[[ PROVIDED DATA open ]]

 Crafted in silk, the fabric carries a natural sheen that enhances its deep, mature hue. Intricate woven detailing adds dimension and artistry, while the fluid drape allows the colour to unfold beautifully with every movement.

[[ PROVIDED DATA closed ]]
[[ PROVIDED DATA open ]]

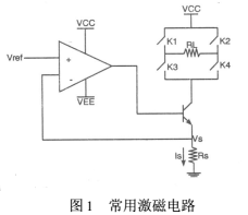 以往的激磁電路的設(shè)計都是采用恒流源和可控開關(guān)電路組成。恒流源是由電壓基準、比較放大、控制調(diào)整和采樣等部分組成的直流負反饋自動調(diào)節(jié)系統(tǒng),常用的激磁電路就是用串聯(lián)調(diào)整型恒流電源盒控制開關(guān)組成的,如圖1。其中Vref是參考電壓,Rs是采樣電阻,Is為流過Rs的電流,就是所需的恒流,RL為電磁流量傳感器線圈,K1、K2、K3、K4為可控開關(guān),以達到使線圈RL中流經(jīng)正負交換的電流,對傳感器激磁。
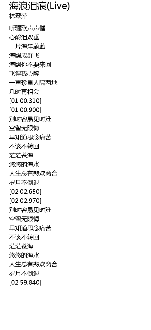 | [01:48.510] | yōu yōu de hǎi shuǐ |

[[ PROVIDED DATA closed ]]

#### [EXERCISE PROMPT]
All pictures are to be skipped. Output, word for word, the lines in the data above starting at the line containing "以往的激磁電路的設(shè)" and ending at the line containing "de hǎi shuǐ |".

#### [COMPLETED TASK]
 以往的激磁電路的設(shè)計都是采用恒流源和可控開關(guān)電路組成。恒流源是由電壓基準、比較放大、控制調(diào)整和采樣等部分組成的直流負反饋自動調(diào)節(jié)系統(tǒng),常用的激磁電路就是用串聯(lián)調(diào)整型恒流電源盒控制開關(guān)組成的,如圖1。其中Vref是參考電壓,Rs是采樣電阻,Is為流過Rs的電流,就是所需的恒流,RL為電磁流量傳感器線圈,K1、K2、K3、K4為可控開關(guān),以達到使線圈RL中流經(jīng)正負交換的電流,對傳感器激磁。
 | [01:48.510] | yōu yōu de hǎi shuǐ |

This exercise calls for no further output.